EU hits back at Trump's threat against Spanish trade

The EU has hit back at Donald Trump’s threats to halt all trade with Spain over its decision not to allow the US use its military bases for Iran bombing missions.

The EU said it expected the US president to “honour” its bloc-wide tariff deal concluded last year but hinted at the possibility of retaliatory measures if Trump did isolate Spain in a revenge move.

“The Commission will ensure that the interests of the European Union are fully protected. We stand in full solidarity with all Member States and all its citizens and, through our common trade policy, stand ready to act if necessary to safeguard EU interests,” said trade spokesperson Olof Gill, adding:

“Trade between the European Union and the United States is deeply integrated and mutually beneficial.

“Safeguarding this relationship, particularly at a time of global disruption, is more important than ever and clearly in the interest of both sides.

“The EU and the United States concluded a major trade deal last year. The European Commission expects the United States to fully honour the commitments” undertaken in the joint statement of last August.

The EU is continuing to honour its part of that deal, allow many US goods into the bloc tariff free, even though the US supreme court ruled Trump’s 15% tariffs on EU goods were illegal.

The Resolution Foundation are presenting the findings of their analysis of yesterday’s spring statement now – it’s being streamed here.

Resolution’s CEO, Ruth Curtice, starts by saying it was not a usual forecast, explaining:

We had no new policy announcements from the chancellor. We certainly had no rabbits out of the hat. We had no red box. We had no red book from the Treasury, and I can confirm that the Two Chairmen pub, where the Treasury tend to gather afterwards, was also much quieter than usual.

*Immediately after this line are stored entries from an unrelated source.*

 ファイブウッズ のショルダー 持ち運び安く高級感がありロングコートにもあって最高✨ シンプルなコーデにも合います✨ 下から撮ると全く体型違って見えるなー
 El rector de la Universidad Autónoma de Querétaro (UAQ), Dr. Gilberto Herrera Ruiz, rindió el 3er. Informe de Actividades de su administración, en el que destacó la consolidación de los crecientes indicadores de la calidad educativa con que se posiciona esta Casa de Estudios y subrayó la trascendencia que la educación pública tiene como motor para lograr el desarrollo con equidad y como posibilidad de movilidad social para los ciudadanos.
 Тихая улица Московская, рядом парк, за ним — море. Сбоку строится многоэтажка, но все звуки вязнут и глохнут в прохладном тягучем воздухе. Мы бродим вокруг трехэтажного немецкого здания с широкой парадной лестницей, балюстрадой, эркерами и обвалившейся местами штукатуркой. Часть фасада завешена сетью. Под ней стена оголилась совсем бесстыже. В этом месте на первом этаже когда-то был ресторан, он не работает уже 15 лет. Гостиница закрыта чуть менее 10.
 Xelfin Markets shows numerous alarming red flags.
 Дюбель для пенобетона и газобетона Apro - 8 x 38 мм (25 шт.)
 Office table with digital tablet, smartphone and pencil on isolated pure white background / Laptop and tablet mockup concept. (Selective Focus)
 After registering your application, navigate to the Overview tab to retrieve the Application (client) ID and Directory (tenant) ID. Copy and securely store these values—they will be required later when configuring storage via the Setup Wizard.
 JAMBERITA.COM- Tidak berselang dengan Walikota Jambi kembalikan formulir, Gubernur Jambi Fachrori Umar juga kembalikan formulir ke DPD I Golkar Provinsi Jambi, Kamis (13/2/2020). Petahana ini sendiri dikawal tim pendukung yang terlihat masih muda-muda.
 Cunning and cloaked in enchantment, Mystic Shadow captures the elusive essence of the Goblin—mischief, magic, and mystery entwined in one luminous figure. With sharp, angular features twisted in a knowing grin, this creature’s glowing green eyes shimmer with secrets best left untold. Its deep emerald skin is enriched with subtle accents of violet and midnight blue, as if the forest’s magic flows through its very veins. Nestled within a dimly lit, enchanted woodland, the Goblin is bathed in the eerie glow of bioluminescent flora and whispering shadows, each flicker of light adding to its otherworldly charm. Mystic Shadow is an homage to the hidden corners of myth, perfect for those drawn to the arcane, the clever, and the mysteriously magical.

Curtice adds that the “quite surreal” statement from the chancellor was overshadowed by world events, but there are three reasons to care about it.

  1. This was an attempt from the Chancellor to shift how fiscal policy is done in the UK, moving to just one fiscal event in the autumn,

  2. The OBR’s latest assessment of the economy shows the underlying trends in the economy, even if things are about to change. And there was a “reasonable improvement” in the fiscal position.

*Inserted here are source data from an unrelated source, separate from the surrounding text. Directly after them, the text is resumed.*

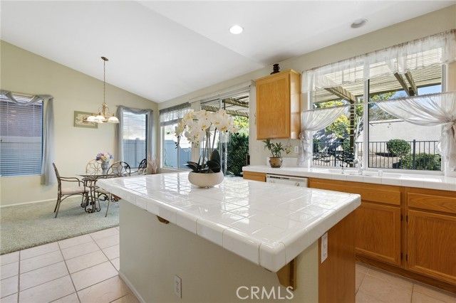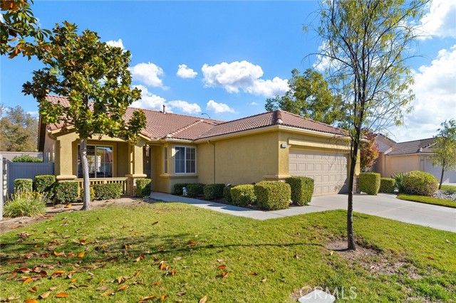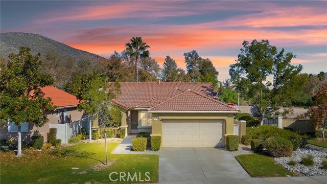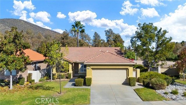 Peaceful evenings in the patio and all the amenities you could want! This charming single story home is located in The Oasis 55+ community featuring a clubhouse with more than 90 clubs and activities! The open concept home offers a spacious ensuite primary bedroom with a walk in closet and a guest bedroom and bathroom plus lots of storage space and tons of natural light. The large kitchen has a pantry and kitchen island plus a dining room area which opens to the spacious living room. The backyard is clean and perfect to enjoy your evenings looking at the hills. There are no neighbors behind and the block wall provides extra privacy will the iron fencing allows more space for your plants and greenery. There is a dog run or side patio with artificial turf and an oversized garage with built in cabinets and a water softener system. Your perfect forever home is here!
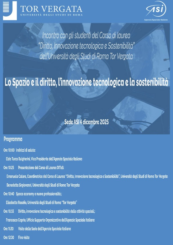 Lo spazio e il diritto, l’innovazione tecnologica e la sostenibilità. ASI 4 dicembre 2025 Emanuela Calore Avvisi, Eventi 1 Dicembre 20251 Dicembre 2025
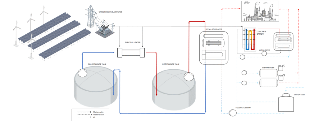 - Desarrollo del sistema para descarbonizar procesos industriales, favoreciendo la integración de energías renovables y contribuyendo a una reducción significativa de emisiones de CO₂.
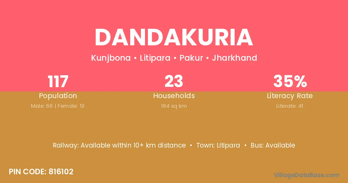 Dandakuria village has a total population of 117 people, of which 66 are males and 51 are females.
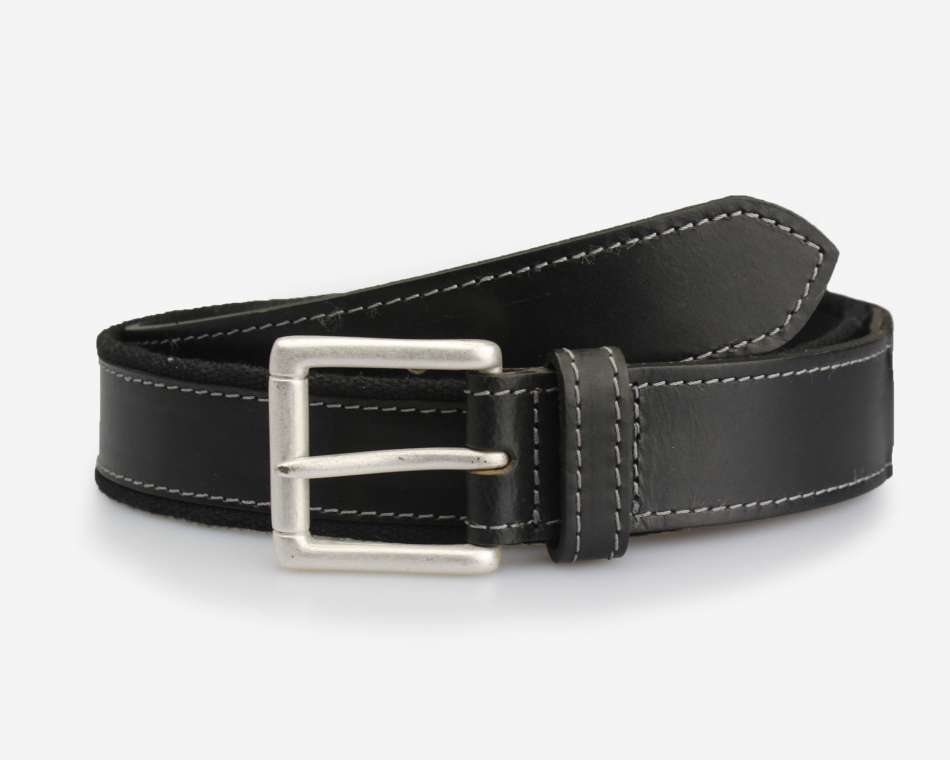 Nahkavyö mustalla kangas taustalla. Musta nahkavalkoisilla tikkauksilla. Vyön koko tarkoittaa vyötärön mittaa, eikä vyön kokonais mittaa.

  3. Then the Chancellor did spend some money. It’s just that she already told us she was going to spend it (including on Send support)

The market turmoil hasn’t prevented a UK autonomous vehicle software company winning new funding.

Oxa, based in Oxford, has raised $103m (£77m) – including $50m (£37m) from the UK’s National Wealth Fund.

Oxa plans to use the funds to develop Industrial Mobility Automation, and its physical AI and robotics technology, as well as pushing on with its global expansion plans.

UK minister for industry, Chris McDonald, said:

“Oxa is a great example of UK excellence in digital technologies that are transforming the global automotive sector, and this investment will boost productivity and improve freight efficiency at home and abroad.

With advanced manufacturing and digital technologies being central to our Modern Industrial Strategy, we’re supporting firms like Oxa to strengthen the UK’s position as a global leader in connected and automated mobility.”

The FTSE 100 couldn’t sustain its early rise.

The UK’s blue-chip share index is now down 22 points, or 0.2%, at 10,461 points, with airlines, banks and housebuilders among the fallers.

European markets are a little brighter, though; Germany’s DAX was up 0.26% in early trading, with France’s CAC just 0.07% higher.

Kathleen Brooks, research director at XTB, says:

Until there is a pause in this conflict and free flowing oil around the world, it is hard to see how markets can stage a meaningful recovery. We expect stocks and bonds to remain nervous and driven by headline risk.

The dollar has been king during this crisis, however, it is pulling back slightly today, and G10 currencies are clawing back some recent losses. This is likely to be temporary, especially if the oil price remains to the upside.

UK government bond prices are recovering a little of yesterday’s losses.

This has pushed the yield, or interest rate, on UK two-year, 10-year and 30-year gilts down by around 3 basis points (0.03 percentage points). A small move, but one that suggests slightly less panic in the bond markets today.

Bond yields tend to rise when inflationary pressures are building. And investors still see little chance of a Bank of England interest rate cut this month – it’s a 28% chance, according to the money markets today.

After two days of heavy losses, Britain’s stock market has opened calmly.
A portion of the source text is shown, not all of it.